Living in Society Social Commentary

Step Forward


Having bit my tongue for several years about the state of our electorate, 2015 will be a time of writing about our politics and society in a process of working through ideas, to determine a path by which progressive ideas can gain more solvency in government.

Meeting so many people since 2012—in politics, in retail sales, in farm work, and in writing—my understanding of how society works, and the attitudes of people who live in it has grown. Society is not what I thought—at all.
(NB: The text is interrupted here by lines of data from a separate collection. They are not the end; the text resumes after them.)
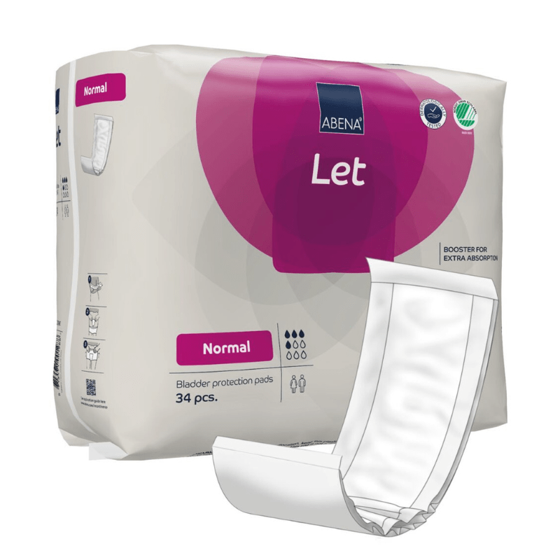 Abena Let er et tyndt rektangulært bind og kommer i 3 størrelser. Anvendes til let til moderat inkontinens.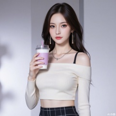1girl,solo,skirt,off shoulder,off-shoulder sweater,jewelry,white sweater,necklace,cup,bare shoulders,holding,sweater,disposable cup,breasts,black skirt,plaid skirt,collarbone,plaid,blurry background,crop top,holding cup,blurry,midriff,long sleeves,large breasts,63, cover,simple background,gradient background,close-up details,outstanding style,adding a touch of dimension to your images without compromising details,close-up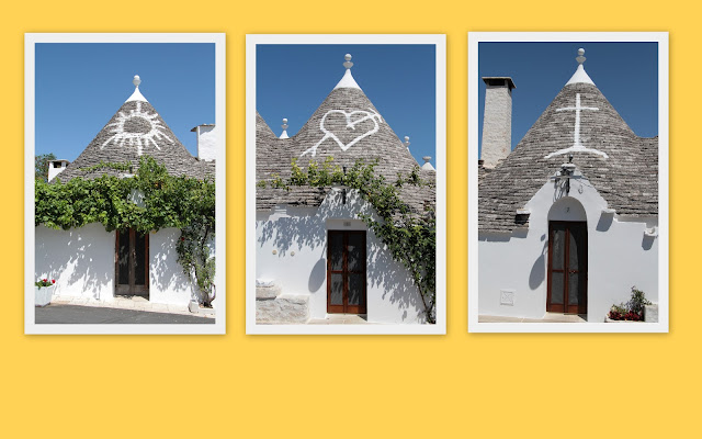 I love Alberobello! When we lived in Italy we went often enough with family and friends and we always had fun that it quickly became a favorite spot. Some trulli houses have painted symbols, some are stores, some are restaurants or bars and some are just plain ol' houses. Each is unique in its own way.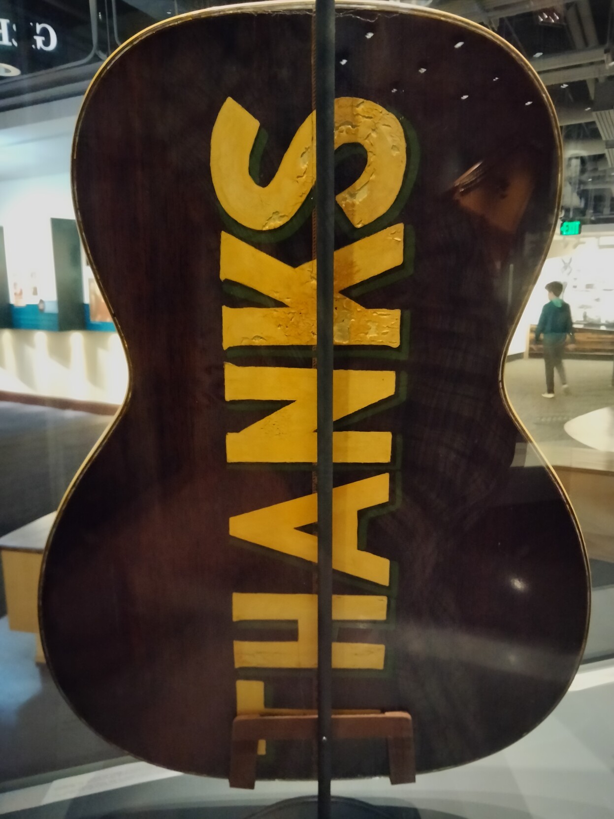 The back of the guitar used by #JimmieRodgers on display at the Birthplace of Country Music Museum

My formative years began when in 1959 I secured a card for the public library bookmobile that stopped near our house. I read biographies about people important to the growth of our culture. There were a lot of them, although the names I remember are the Ringling brothers, Thomas Edison and George Washington Carver. I gained an understanding that through personal industry, thrift and good ideas, a person could create things that mattered in society and made life better.
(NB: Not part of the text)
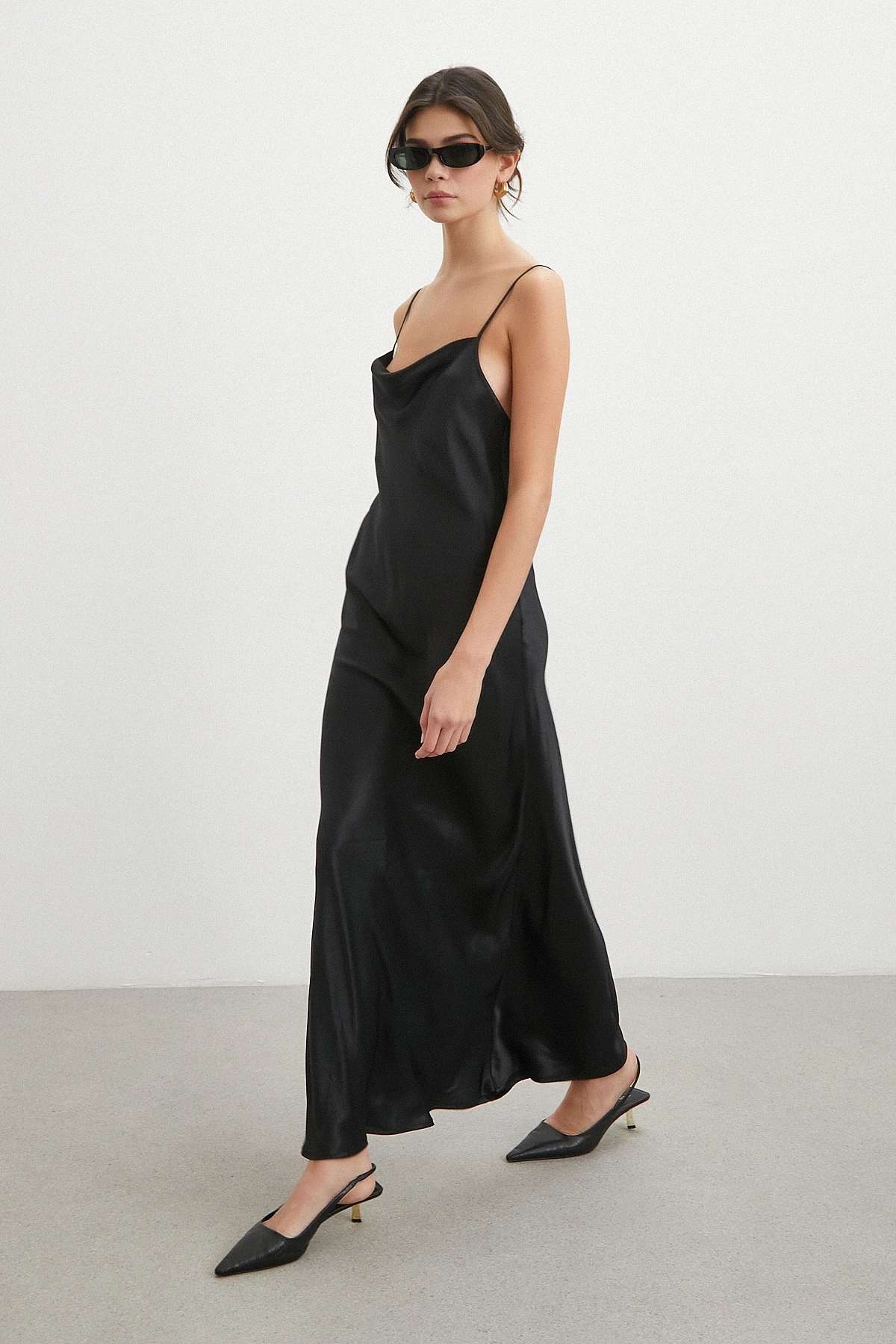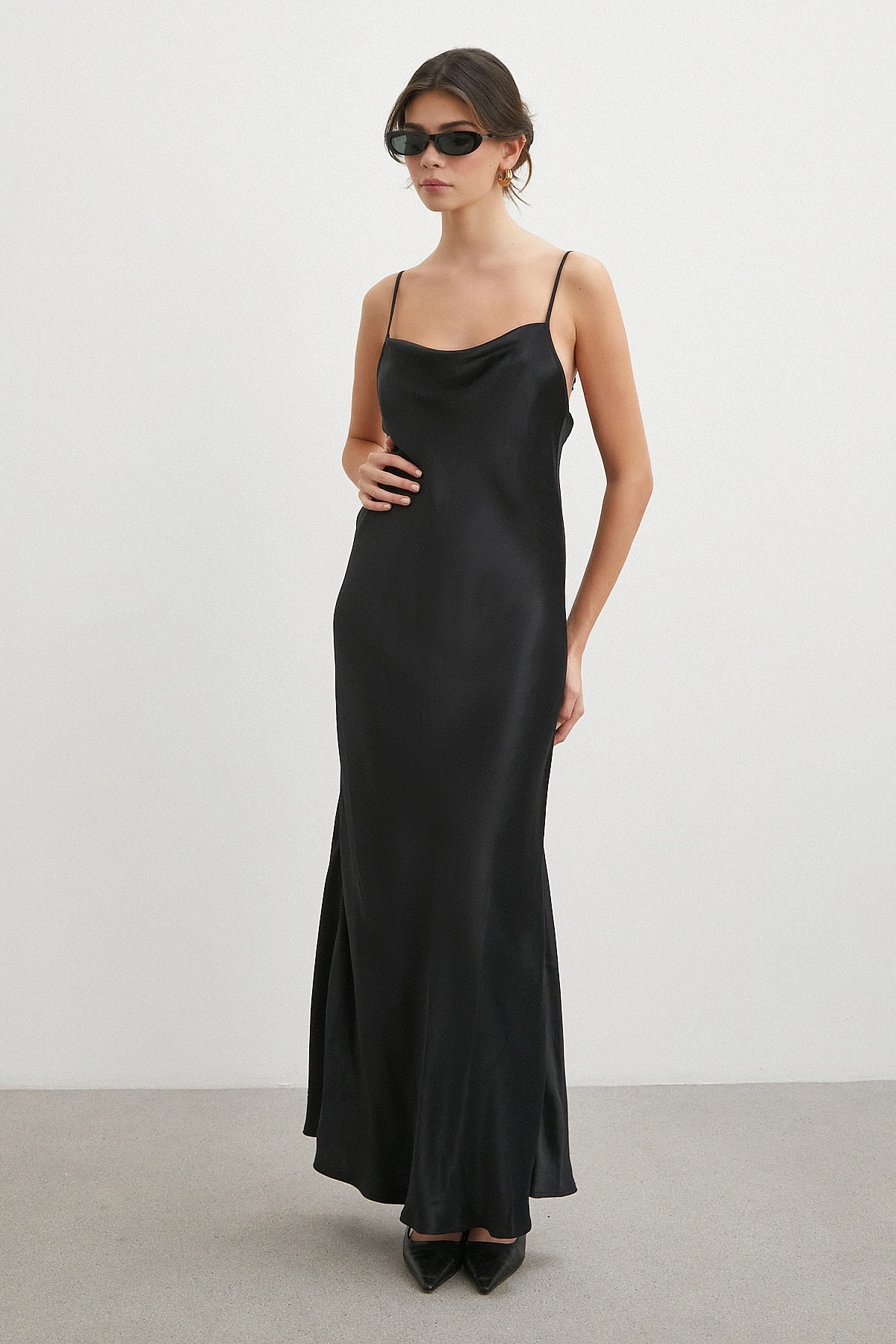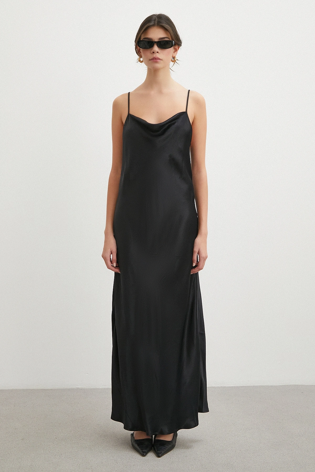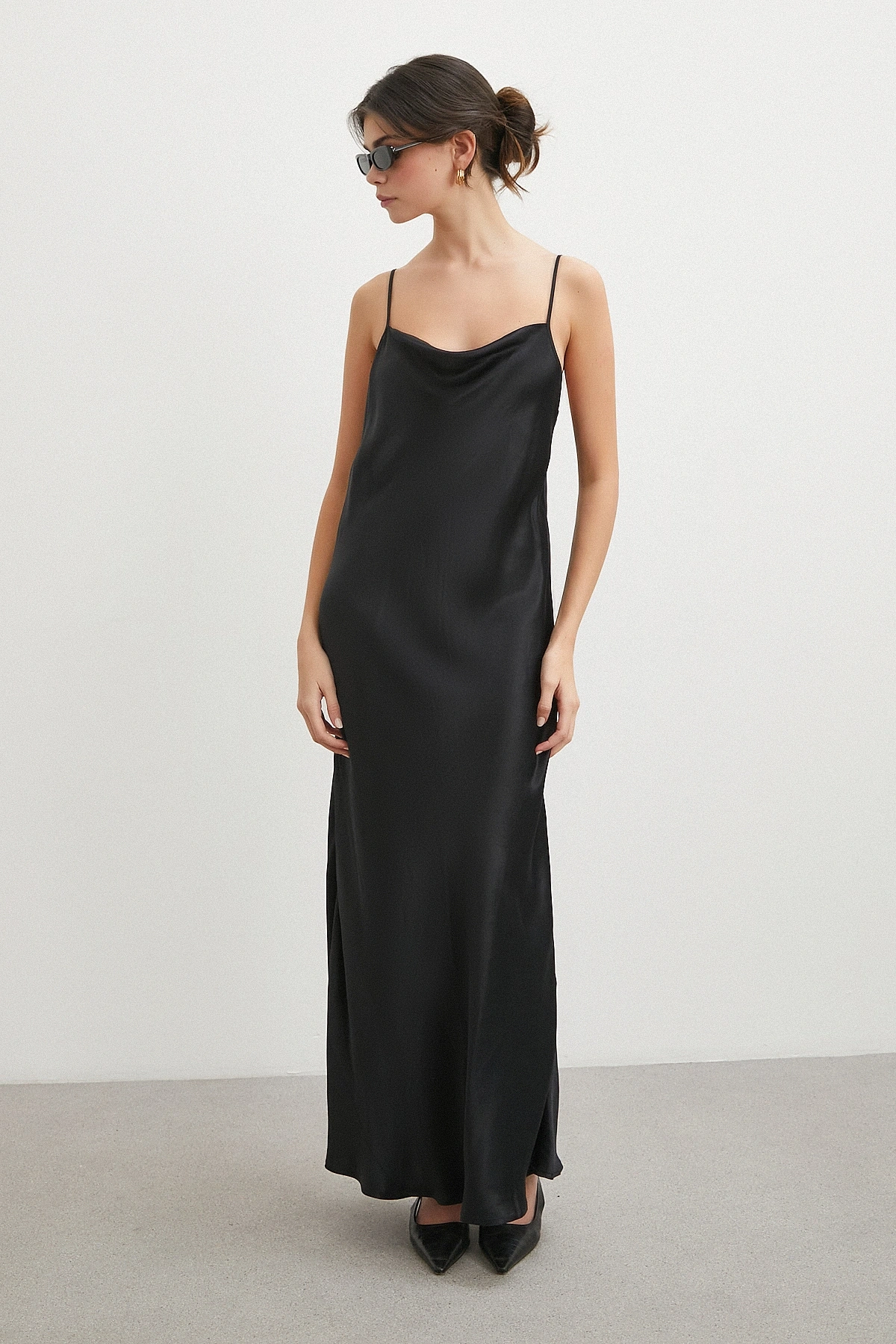 Akıcı saten kumaşıyla feminen ve sofistike bir görünüm sunar. 140 cm maxi boyu ile zarafeti ön plana çıkarırken, ince ve ayarlanabilir askıları sayesinde vücuda mükemmel uyum sağlar.

I wasn’t the only person who learned this as the ideas grew from the founders and persist. Matthew Josephson articulated this American idea in his 1934 book The Robber Barons.

In a brief cycle, the laissez-faire political philosophy of a Jefferson, having given free reign to self-interest, would stimulate the acquisitive appetites of the citizen above all. These, whetted by an incredibly rich soil, checked by no institutions or laws, would determine the pattern of American destiny. The idealism of Jefferson’s Declaration of Independence, and his Inaugural address of 1801, would be caricatured in the predatory liberty of the “Valley of Democracy” where, as Vernon Parrington has said, Americans democratic in professions, became “middle class in spirit and purpose;” where freedom came to mean “the natural right of every citizen to satisfy his acquisitive instinct by exploiting the natural resources in the measure of his shrewdness.”
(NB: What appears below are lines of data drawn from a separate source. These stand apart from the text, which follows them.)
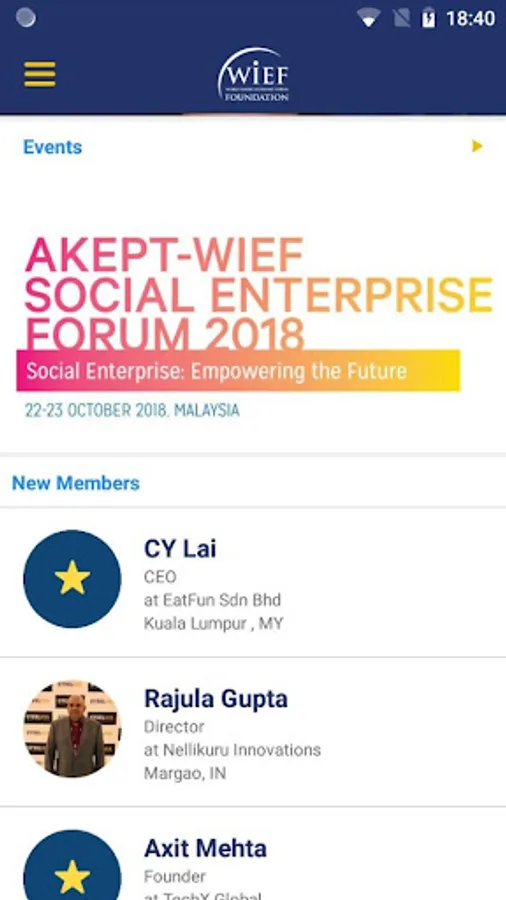 If you've attended any WIEF events, WIEF Alumni App is for you. It's an effortless way to connect with thousands of alumni of WIEF events from all over the globe. Through the app you’re able to access WIEF Members Directory, be the first to know about WIEF latest events, be eligible for wallet-friendly fees to WIEF events and be able to discover alumni near you, anywhere you are in the world. What’s more, you’ll be able to expand your network and engage globally to benefit your business.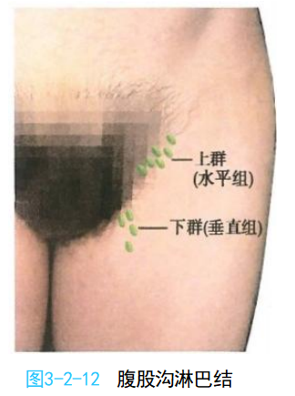 (2)下群:位于大隐静脉上端,沿静脉走向排列,故又称为腹股沟淋巴结纵组或垂直组。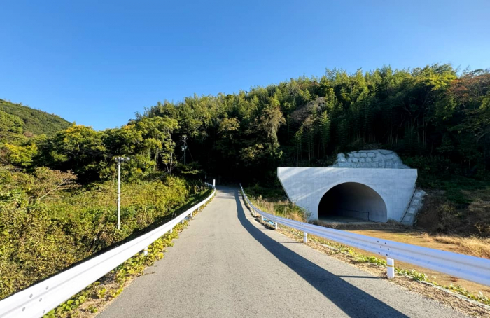 現在、洲本市では国道28号線バイパス工事が進められていて、山中には宇山地区から炬口地区に抜ける『潮トンネル』が建設中。深い自然が続く中、いきなり現れるトンネルの光景に驚く記者。

With minimal modification, Josephson’s language could describe attitudes of an electorate that in the same year brought us U.S. Senator Joni Ernst and Representative Dave Loebsack. It elected State Senator Bob Dvorsky and State Representative Bobby Kaufmann. It is a spring which nurtures dichotomies: people worked long hours to elect President Obama while others fly the confederate flag; row croppers manage the land with chemicals while others restore it to prairie; consumers are more connected to the world, while seeking small enclaves to live their lives in isolation. The picture isn’t clear, but clarity is coming.

Josephson describes what so many people want to get to—satisfying our acquisitive instincts through exploitation of a world that hangs in a balance because of human activities since the dawn of the industrial revolution. This is a bankrupt idea in light of what we know about the interconnectedness of our lives, but it persists, driven by a social setting in which church, family and work play a pronounced role.

The rest of understanding will come. While beginning the new year I plan to spend more time in the garage, yard, garden and kitchen while continuing my work in sales, writing and other odd jobs assembled to sustain us financially. Hopefully that will be a sustainable framework for exploring these ideas.

There is everything to gain and nothing to lose as we sustain our lives in a turbulent world.